Rabu, 31 Januari 2018

Aku dan Maduku


"Caca! Sudah mama bilang, jangan suka pukul adik!", teriakku pada sulungku. Gadis kecil itu menangis lalu segera berlari menuju Nesya, maduku. Nesya segera sibuk menenangkan anakku, hatiku makin panas lalu segera aku masuk ke kamar dan kukunci dari dalam. Buliran hangat mengalir di pipiku, inginku berteriak tapi kutahan, ku ambil bantal lalu kulempar sekeras-kerasnya di atas kasur. Ah, ingin ku melampiaskan kekesalanku dengan membanting piring dan gelas, tapi kupikir buat apa? Malah aku sendiri nanti yang repot membersihkan.

Jika kupikir-pikir ini memang kesalahanku sendiri, ngapain juga sok-sokan mengijinkan suami menikah lagi. Sekarang ketika menjalani kehidupan setelah dipoligami, hampir tiap hari aku jadi uring-uringan. Penyesalan terbesarku adalah, ketika aku marah tanpa sadar anak-anak menjadi korban. Akupun makin tergugu, kututup mukaku dengan bantal agar suara tangisku tak kedengaran.

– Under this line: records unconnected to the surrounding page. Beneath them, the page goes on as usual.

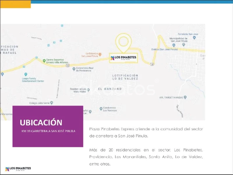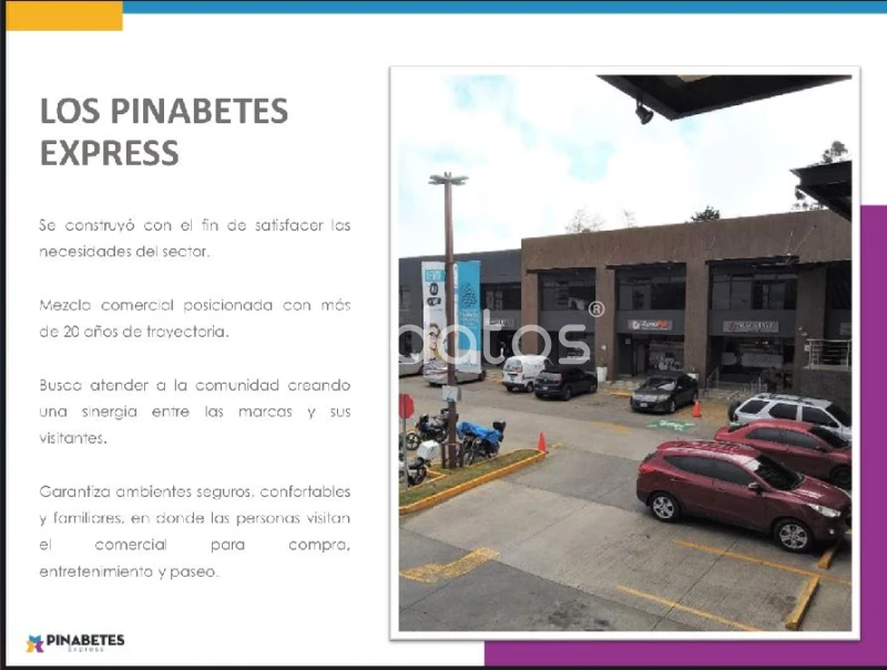 ¡Local Comercial en Renta – Plaza Pinabetes Express, Km 19 Carretera a San José Pinula! ¿Buscas un espacio estratégico para tu negocio en una plaza comercial consolidada y con alto flujo de clientes? Este local de 50 m² en segundo nivel de Plaza Pinabetes Express está disponible para alquiler inmediato. Características del Local: - Área: 50 m² - Renta mensual: Q5,500 - Mantenimiento: Q1,632.70 (incluye seguridad, mantenimiento de áreas comunes y extracción de basura) - IVA: Q660 - Agua y electricidad se paga aparte por consumo - Ubicación: Segundo nivel con excelente visibilidad - Incluye medio baño propio - Amplio parqueo gratuito para visitantes - Plaza con 36 locales comerciales, 2 niveles y mezcla de marcas reconocidas (Super 24, Sarita, Pollo Granjero, Banco Industrial, Megapaca, farmacias, clínicas, panaderías y más) - Seguridad privada 24/7 y fácil acceso desde principales avenidas - Contrato mínimo: 3 años - Depósito: 1 mes de renta Beneficios de la Plaza Pinabetes Express: - Ubicada en una de las zonas con mayor crecimiento residencial (más de 20 condominios cercanos), y a orilla de calle. - Plaza remodelada en 2020, con ambiente moderno, familiar y seguro. - Alta sinergia comercial con marcas ancla que atraen flujo constante de clientes. Ubicación: - Km 19 Carretera a San jose Pinula - https://maps.app.goo.gl/YXPFiLfEzjqVeFxB6 Contacto: 📲 Contáctanos hoy mismo al 5569-4341 (llamadas y WhatsApp) y agenda tu visita.
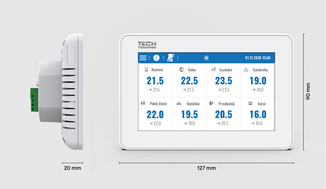 Panel M-12 jest urządzeniem nadrzędnym. Pozwala wygodnie kontrolować i edytować parametry pracy ogrzewania maksymalnie aż w 40 strefach. Z pomocą panelu kontrolnego sterowników ogrzewania można wygodnie definiować harmonogramy pracy, a także osobno ustalać wartość temperatury zadanej. Dodatkowo z poziomu panelu można włączać i wyłączać poszczególne strefy. Na wyświetlaczu panelu można również skorzystać z opcji dodatkowych jak ustawienie daty oraz godziny, wygaszacza ekranu, budzika, zaprogramować blokadę ekranu.
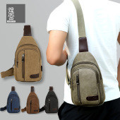 帆布胸包男商务出行简约复古耐磨大容量斜挎包多层休闲胸前包轻便
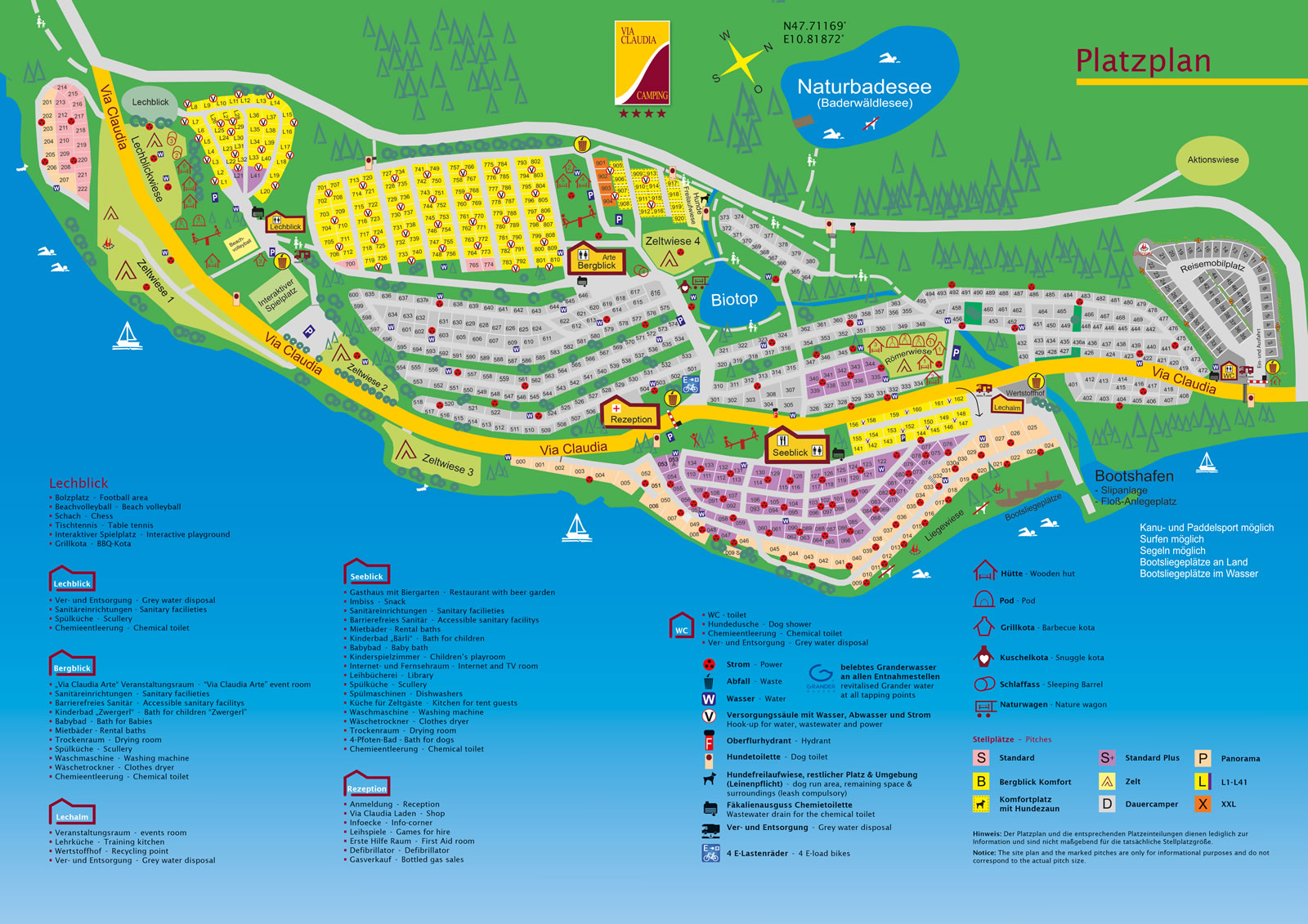 Il Camping Via Claudia è un grande campeggio dotato di ampi spazi e anche nei periodi di massima affluenza, è comunque molto vivibile. Dispone di ben 850 piazzole di differenti tipologie, da quella direttamente sul lago alla XXL per chi necessita di tanto spazio. Queste varietà di piazzole permettono a ciascuno di trovare il giusto comfort per trascorrere bellissime vacanze con il camper, caravan e tende anche con il cane al seguito.
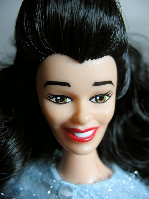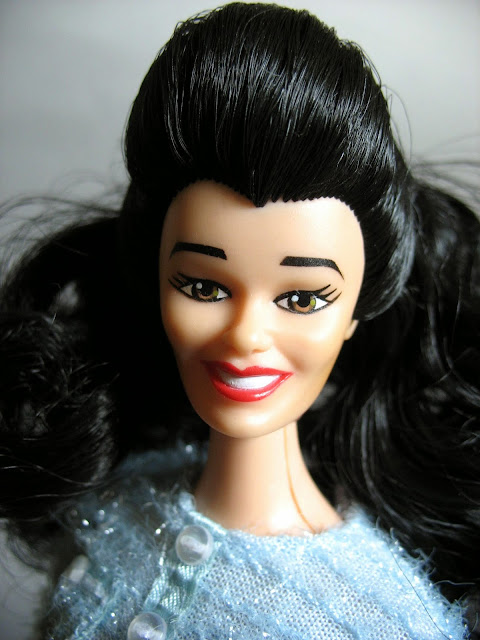 Z racji tego, że ‚The Nanny’ została pozbawiona swojego oryginalnego outfitu (a był to właśnie niebieski kostiumik, wzorowany na linii Fashion Avenue), na potrzeby sesji (i chyba już po wsze czasy), ubrałem ją w strój, którego prawowitą właścicielką w roku 1998 była Teresa ‚Glam N Groom’, dorównujący swoją kiczowatą formą serialowym kreacjom. Przyznajcie, że ten błękit wspaniale komponuje się z kruczoczarnymi włosami!
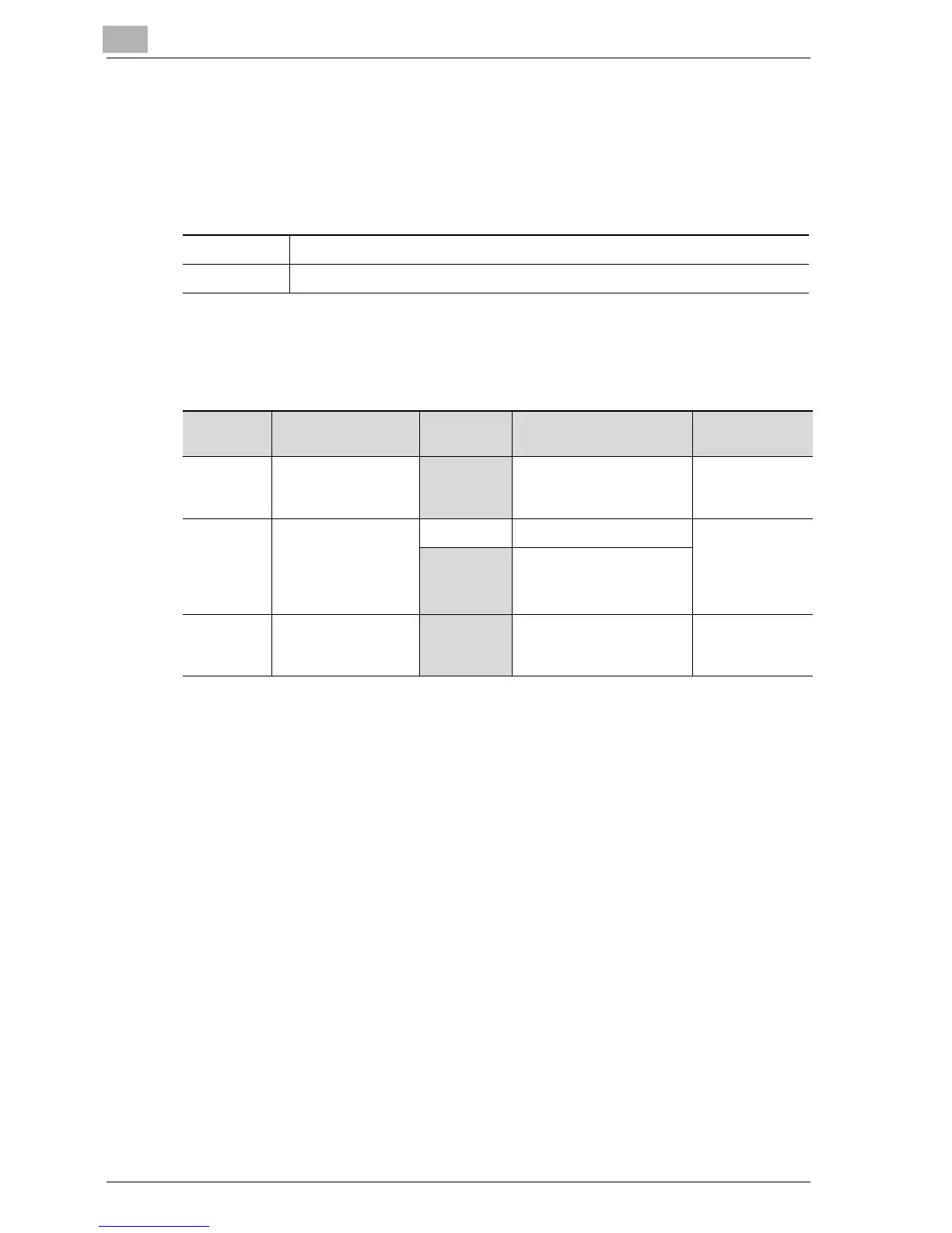 The shaded cells represent the factory settings. The page numbers on the
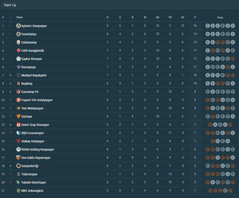 Süper Lig 7. haftanın ardından oluşan puan durumu ve günün maçları
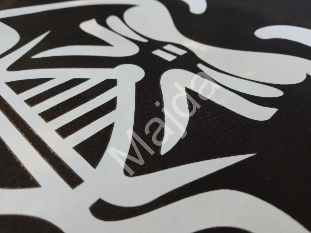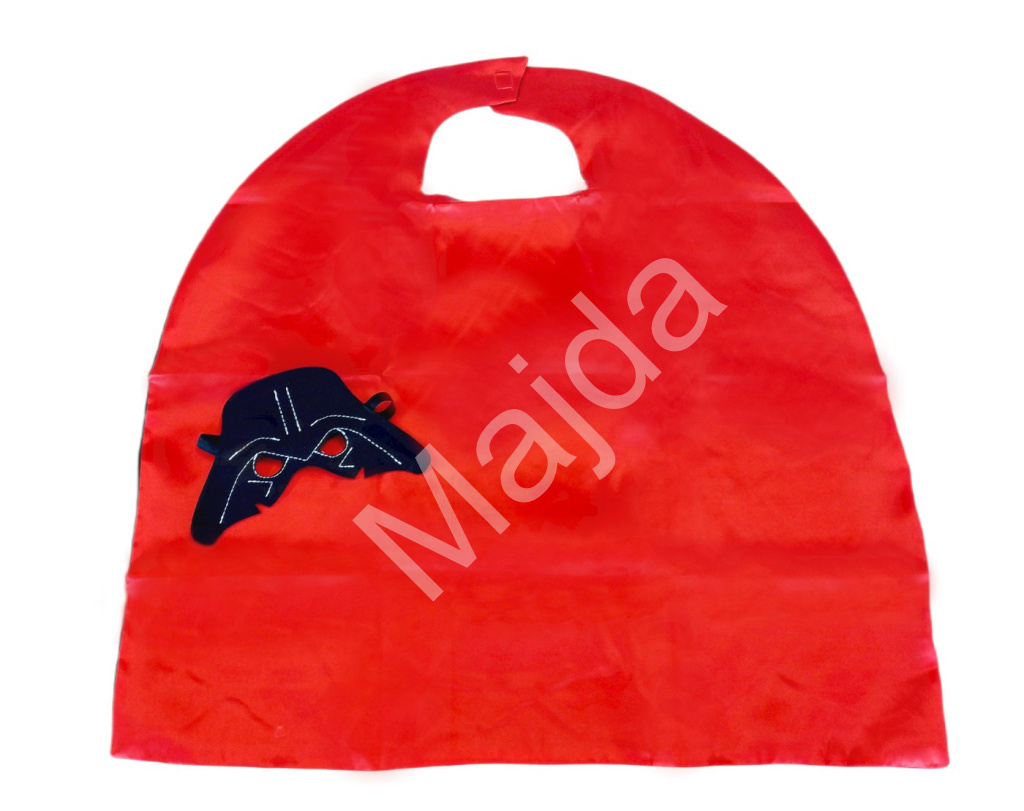 Součástí balení je černý plášť s výrazným bílým potiskem Darth Vaderovy helmy a ladící maska na obličej. Plášť má z vnitřní strany červenou podšívku, která dodává kostýmu kontrastní efekt a působivý vzhled. Zapínání za krkem je na suchý zip, takže se snadno obléká i svléká.
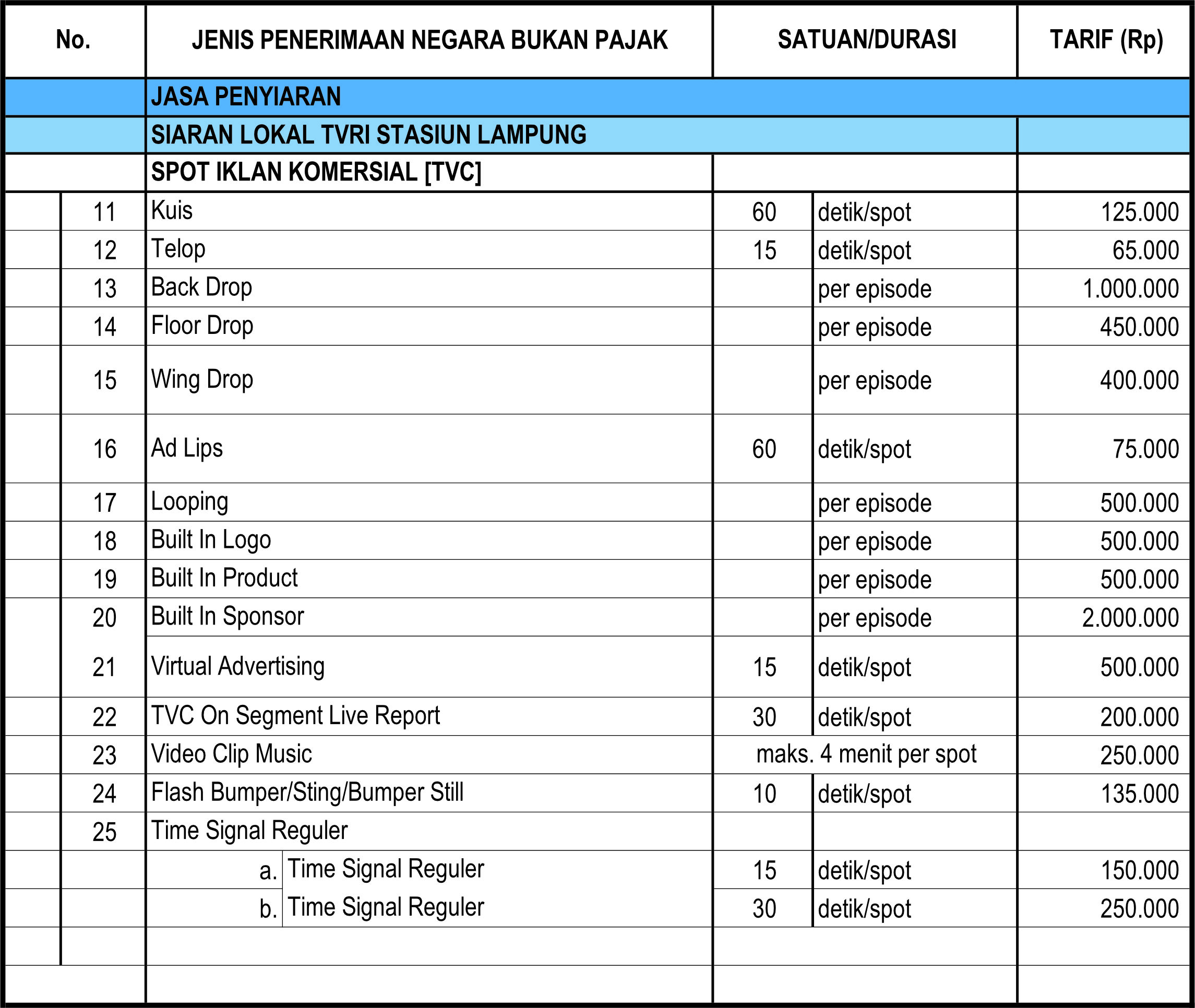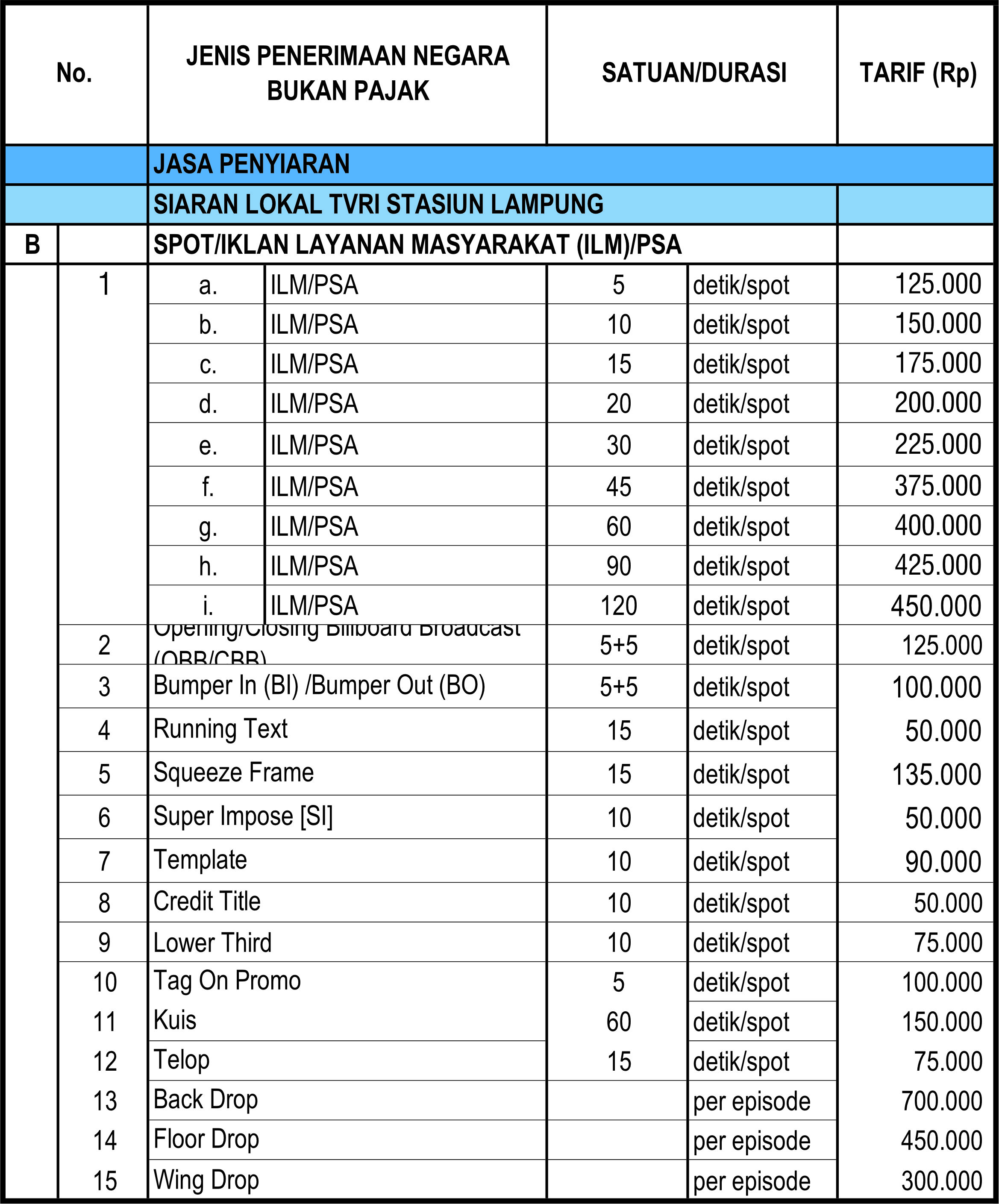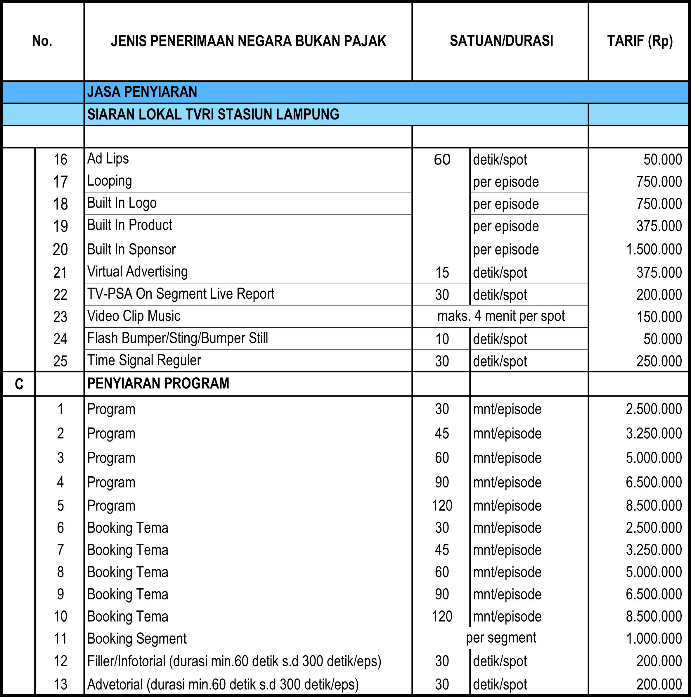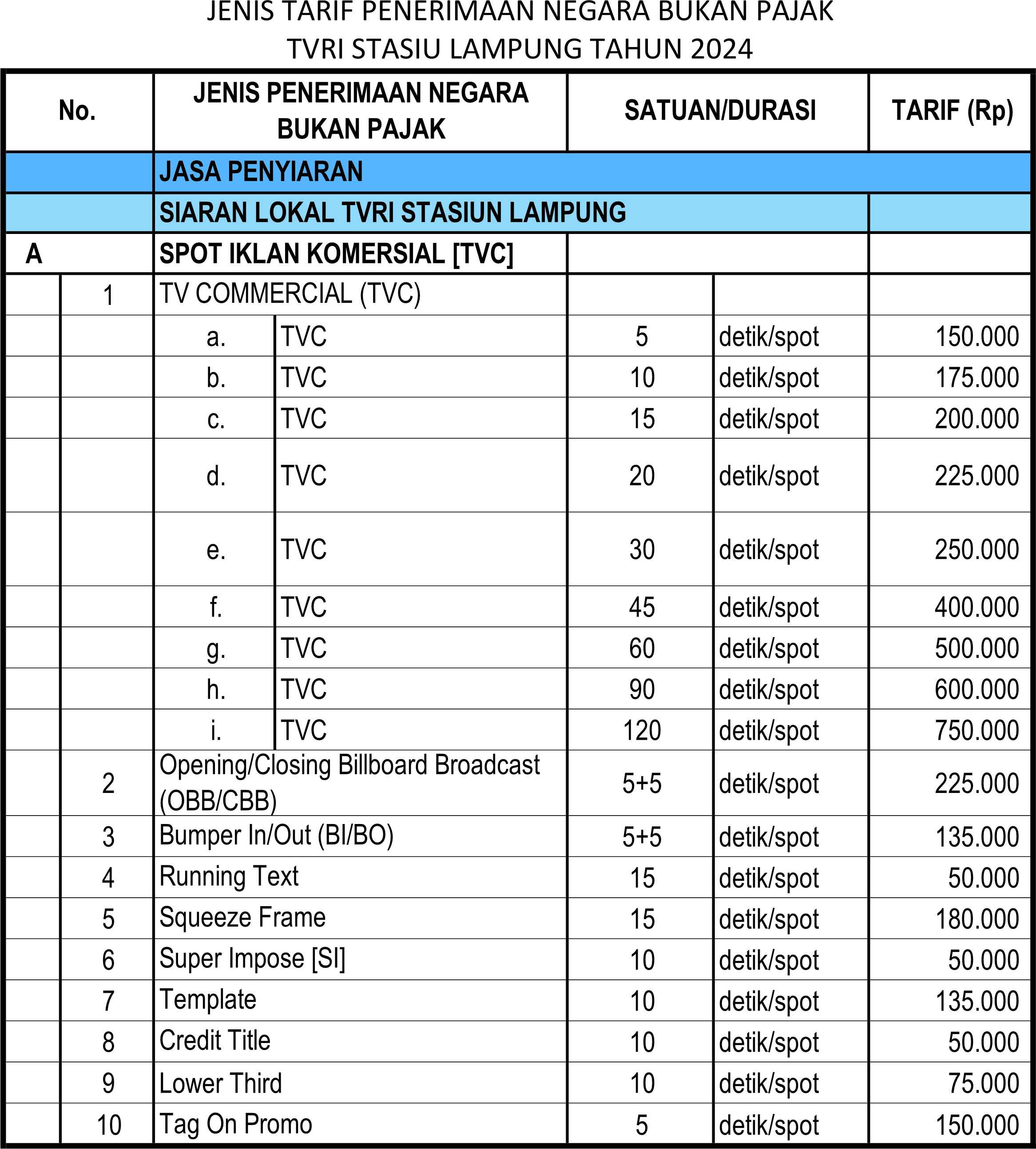 TVRI Lampung menayangkan berbagai program, termasuk program-program nasional dan lokal.

Namanya Nesya, wanita cantik yang kini menjadi maduku. Dia memiliki banyak kelebihan, dia sabar, dia pandai, dia menyenangkan, dia lihai mengurus rumah, dan dia suka memasak. Sungguh aku minder dibuatnya, rasa cemburu di dadaku tak tertahankan, sakit rasanya.

Tak berapa lama suara motor terdengar, suamiku pulang. Hari ini adalah hari giliran Nesya, jadi aku memilih tetap di kamar. Kemudian pintu kamarku diketok, akupun beranjak membukakan. Suamiku masuk, di tangannya ada kresek, biasanya berisi makanan. "Kok merengut gitu suaminya datang", ujarnya menggoda. "Biarin, ngapain juga papa kesini? Ini hari kan giliran Nesya", jawabku sekenanya. "Emang papa gak boleh kesini? Kata Nesya mama ngambek, dia bilang papa boleh sama mama hari ini", ujarnya mencoba menghiburku.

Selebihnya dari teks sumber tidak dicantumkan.